• Required work: For the records below, copy exactly the span that begins at the line containing "color y entusiasmo." and stops after the line containing "MEXICO: Estados Unidos, AR", minus any pictures.

[[ Supplied records, beginning ]]

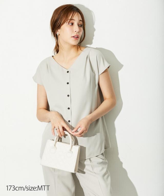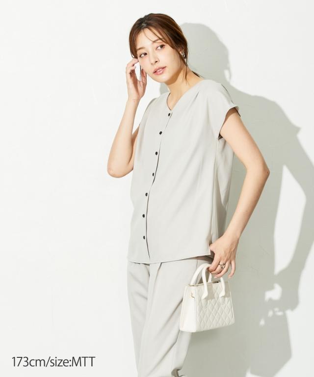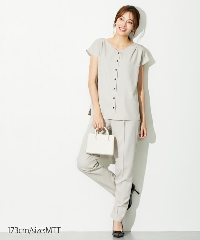 【高身長な方向け】ブラウスは前後2WAY仕様。着るだけで即こなれコーデが完成する時短セットアップスーツ!■デザイン・セットで着用するだけでコーデが即完成!・単品使いもできて着回し力抜群です・普段の通勤着や、小物合わせ次第でセレモニーにもご着用いただけます・高身長さん専用設計で、袖丈・着丈などばっちり長めです!■素材ドビー素材で上品な印象。薄すぎないのでロングシーズン活躍します。※ジャケットが背抜きのため、真冬以外での着用がおすすめです。
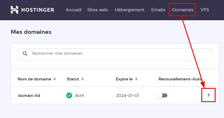 Si votre nom de domaine est enregistré chez Hostinger
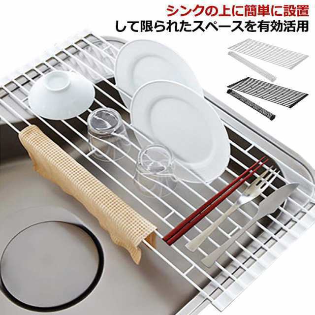| シンクの上に簡単に設置して限られたスペースを有効活用。 シリコーントレーが付いているのでお箸やスプーンなどの小さなものもしっかりと水切りできます。 仕切りはお皿を立てて水切りすることができ便利にお使いいただけます。 使い終わったらくるくる巻いてコンパクトに収納。必要な時だけ広げて使えるのでキッチンが綺麗に片付くのは嬉しいですね。 少しだけ水切りしたい、そんな時は半分に折りたたんで細いラックに。場所を取ることなく水切りできます。 調理台がもう少し広ければいいのに、というお悩みも解決。水切りだけでなく、サッと広げて調理台を拡張させることができます。 サイドのシリコンキャップを外してワイヤー部分を抜き取れば、蛇口を避けて設置することもできます。 薄型でもスチール製!丈夫で安定感があります。お鍋なども安心して乗せることができますよ。 | |
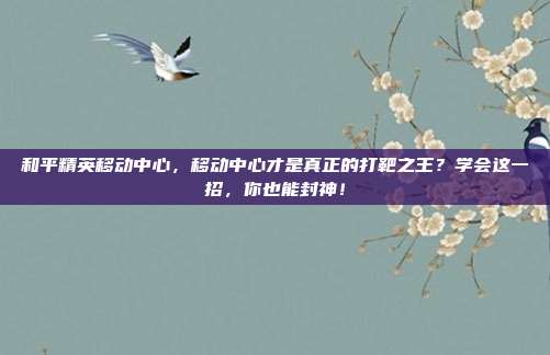 下次打游戏的时候,别再傻傻地蹲在一个地方了,勇敢地动起来,做一个让人头疼的“移动中心”吧!你会发现,原来吃鸡,也可以这么轻松。
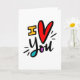 ©2019, diseño dibujado a mano por Dio Perez. La tarjeta es brillante y llamativa. No solo dice te amo, sino que lo dice con mucho color y entusiasmo.
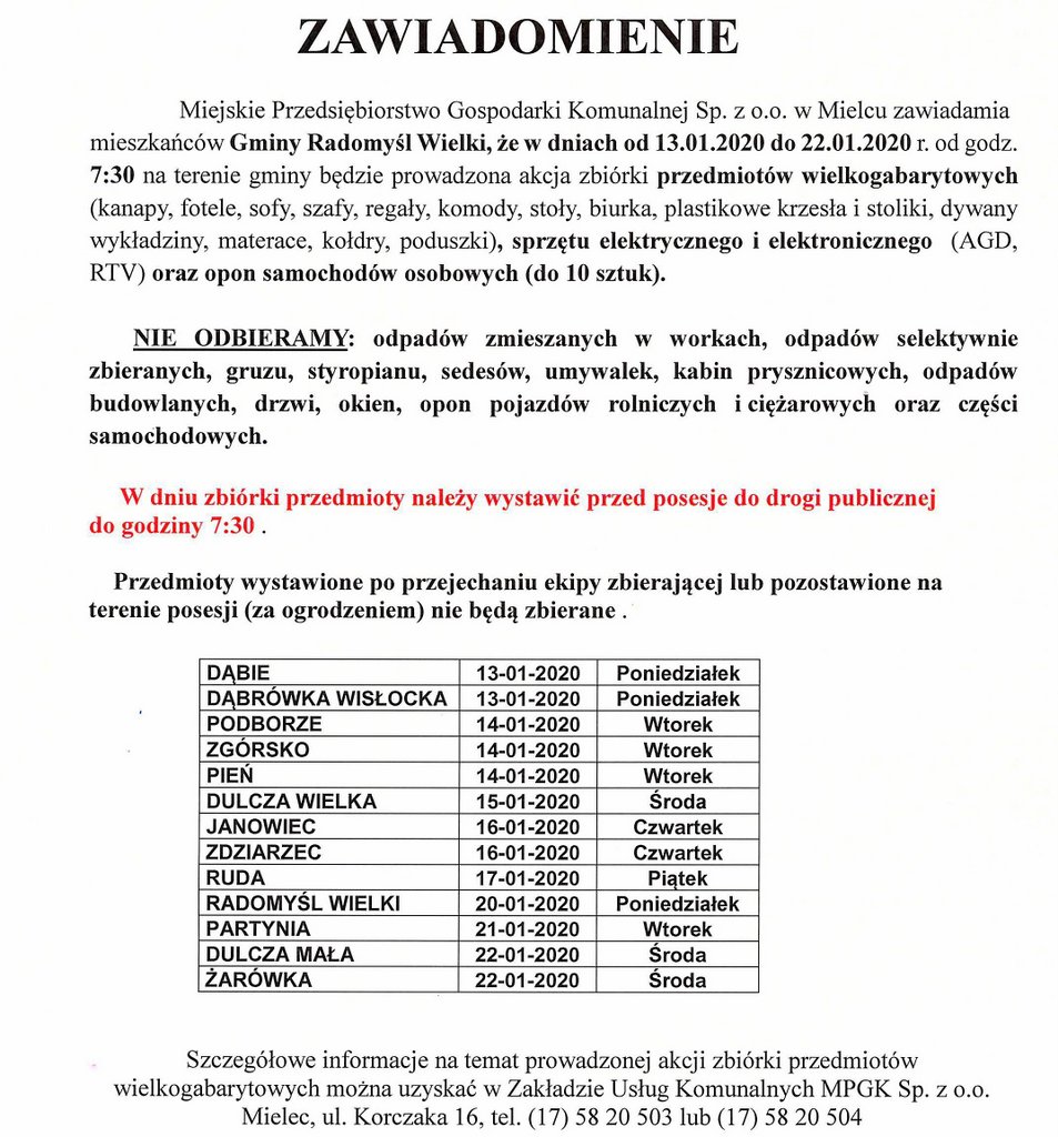 Miejskie Przedsiębiorstwo Gospodarki Komunalnej Sp. z o.o. w Mielcu w dniach od 13 do 22 stycznia 2020 r. przeprowadzi na terenie naszej gminy zbiórkę przedmiotów wielkogabarytowych (np. kanapy, fotele, stoliki, wykładziny, itp.), sprzętu AGD i RTV oraz opon samochodów osobowych.
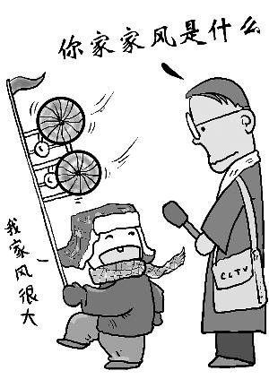 春节期间,央视《新春走基层·家风是什么》系列报道,引发公众关注。有“富二代”回答家风就是“不啃老不坑爹”;有香港影星说家风就是“退一步海阔天空,国比家大”;还有小孩说家风就是“爸爸每周打我一次”;更有网友给出“神回答”:“我家风很大”。(2月9日《华商报》)与之相近的,郭德纲8日在儿子郭麒麟18岁生日之际,于微博发表了一篇家训。他告诫儿子:一入江湖深似海,从此节操是路人。有人夸你,别信。有人骂你,别听。(2月9日《现代快报》)
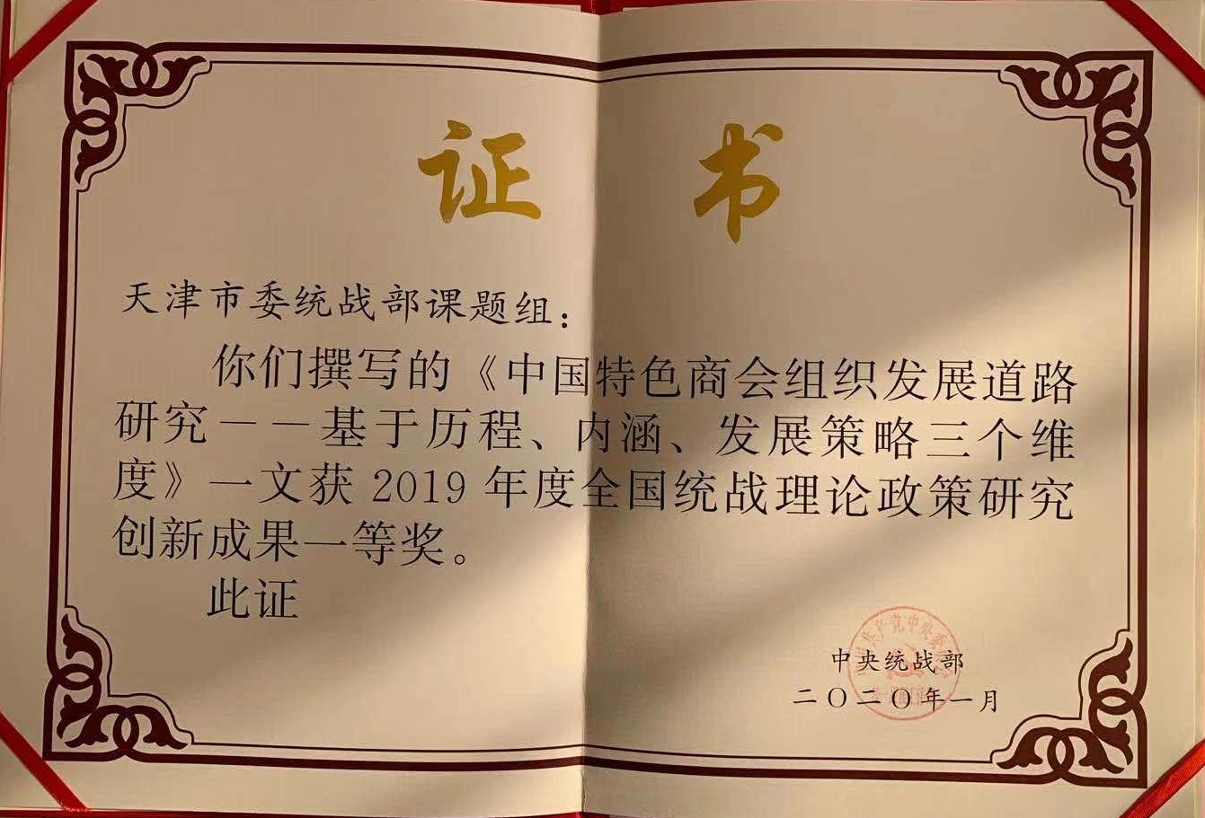 今年1月,中央统战部通报表彰了2019年度全国统战理论政策研究创新成果评选结果,我校与天津市委统战部合作撰写的论文《中国特色商会组织发展道路研究——基于历程、内涵、发展策略三个维度》荣获2019年度全国统战理论政策研究创新成果一等奖。
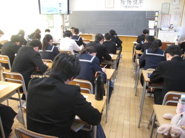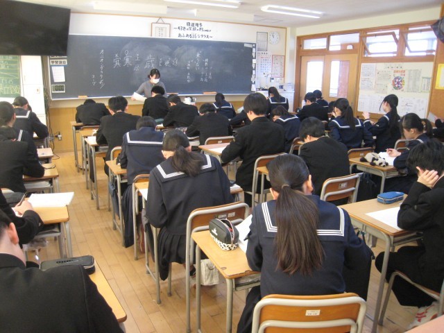 3年生は、2限目まで学年末考査を行い、3限目から通常の授業でした
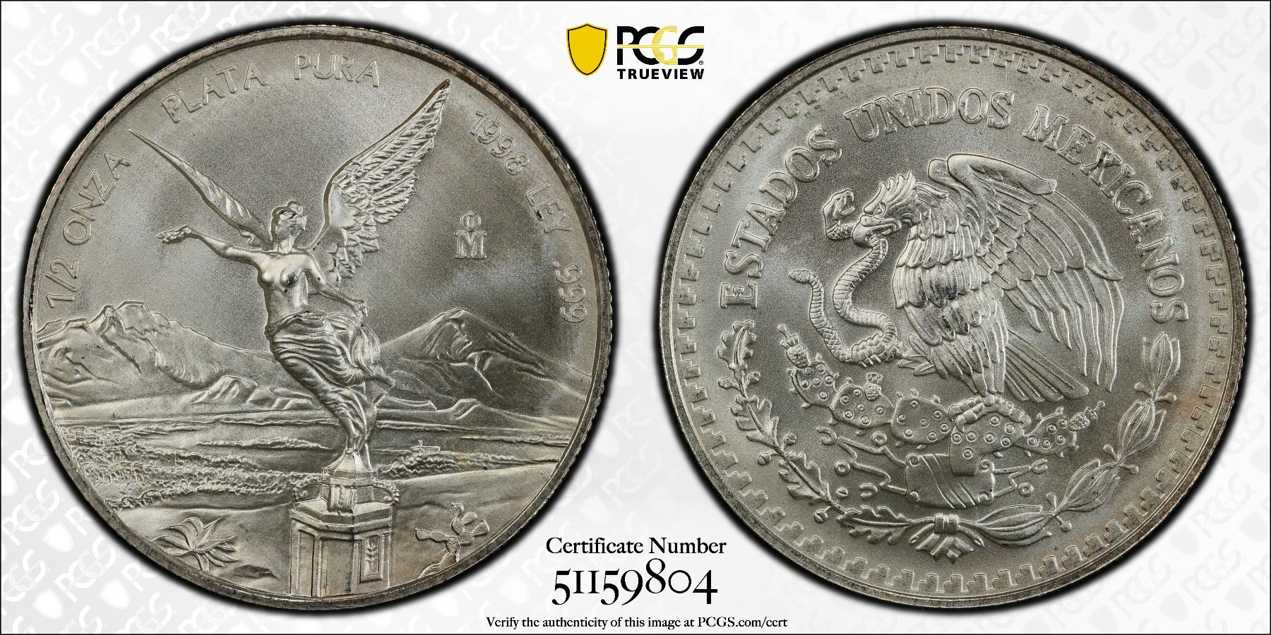 MEXICO: Estados Unidos, AR 1/2 onza, 1998-Mo, KM-612, Libertad, a spectacular example, PCGS graded MS68.
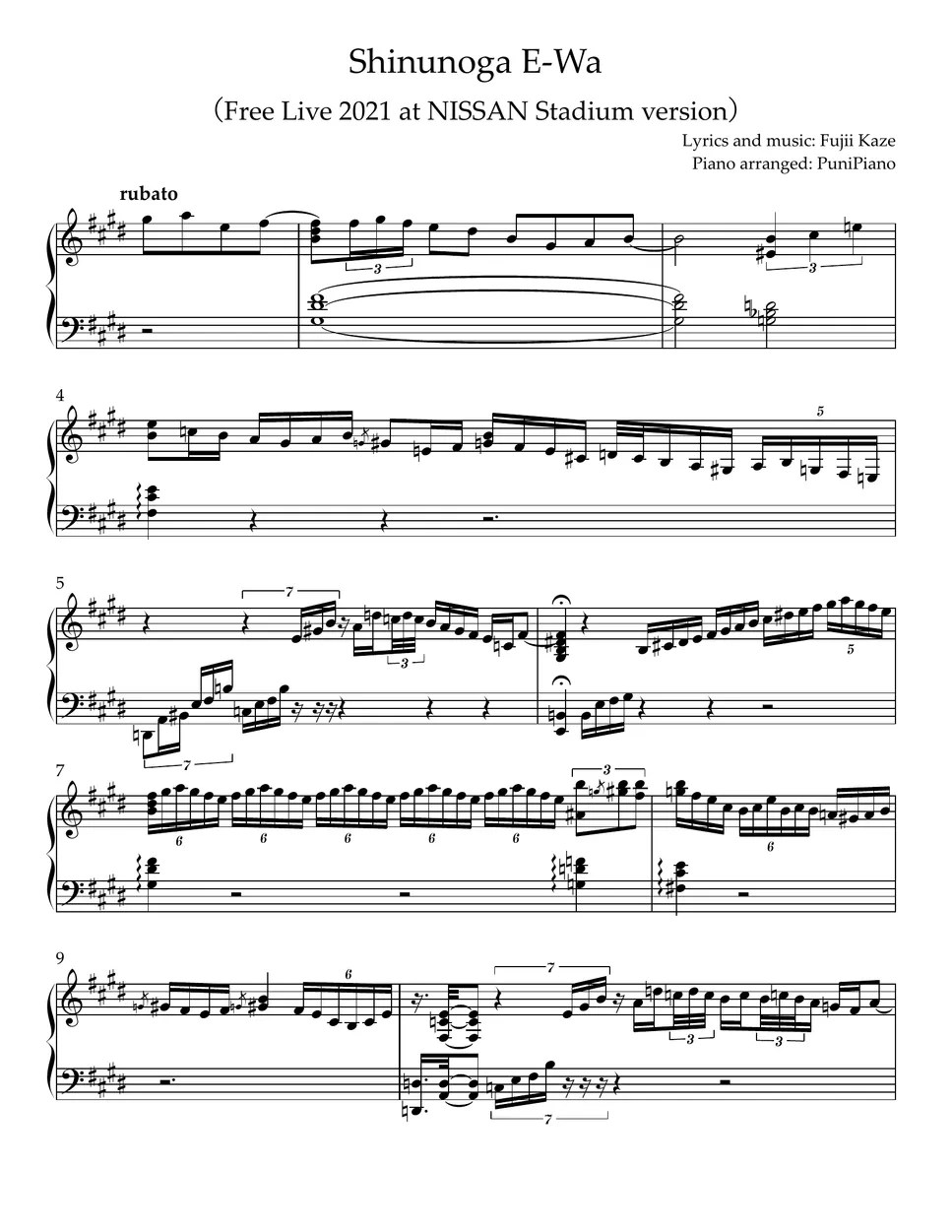 Fujii Kaze Shinunoga EWa Partition musicale by PuniPiano
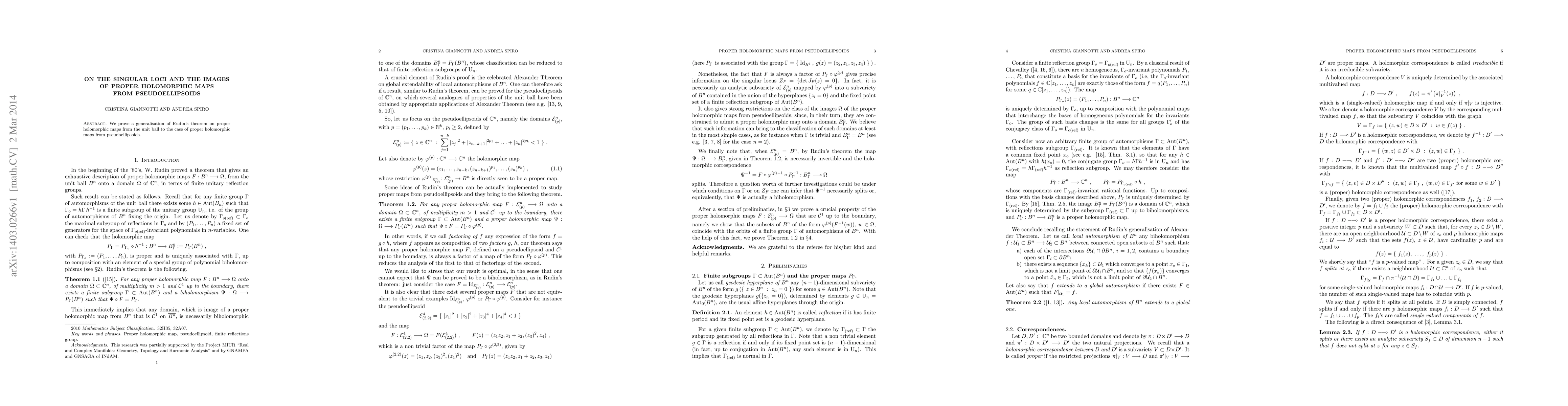 Summary: This paper generalises Rudin's theorem on proper holomorphic maps from the unit ball to pseudoellipsoids, establishing the singular loci and images of such maps. The results extend the understanding of proper holomorphic mappings in complex geometry.

[[ Supplied records, end ]]

• Exercise answer:
 ©2019, diseño dibujado a mano por Dio Perez. La tarjeta es brillante y llamativa. No solo dice te amo, sino que lo dice con mucho color y entusiasmo.
 Miejskie Przedsiębiorstwo Gospodarki Komunalnej Sp. z o.o. w Mielcu w dniach od 13 do 22 stycznia 2020 r. przeprowadzi na terenie naszej gminy zbiórkę przedmiotów wielkogabarytowych (np. kanapy, fotele, stoliki, wykładziny, itp.), sprzętu AGD i RTV oraz opon samochodów osobowych.
 春节期间,央视《新春走基层·家风是什么》系列报道,引发公众关注。有“富二代”回答家风就是“不啃老不坑爹”;有香港影星说家风就是“退一步海阔天空,国比家大”;还有小孩说家风就是“爸爸每周打我一次”;更有网友给出“神回答”:“我家风很大”。(2月9日《华商报》)与之相近的,郭德纲8日在儿子郭麒麟18岁生日之际,于微博发表了一篇家训。他告诫儿子:一入江湖深似海,从此节操是路人。有人夸你,别信。有人骂你,别听。(2月9日《现代快报》)
 今年1月,中央统战部通报表彰了2019年度全国统战理论政策研究创新成果评选结果,我校与天津市委统战部合作撰写的论文《中国特色商会组织发展道路研究——基于历程、内涵、发展策略三个维度》荣获2019年度全国统战理论政策研究创新成果一等奖。
 3年生は、2限目まで学年末考査を行い、3限目から通常の授業でした
 MEXICO: Estados Unidos, AR 1/2 onza, 1998-Mo, KM-612, Libertad, a spectacular example, PCGS graded MS68.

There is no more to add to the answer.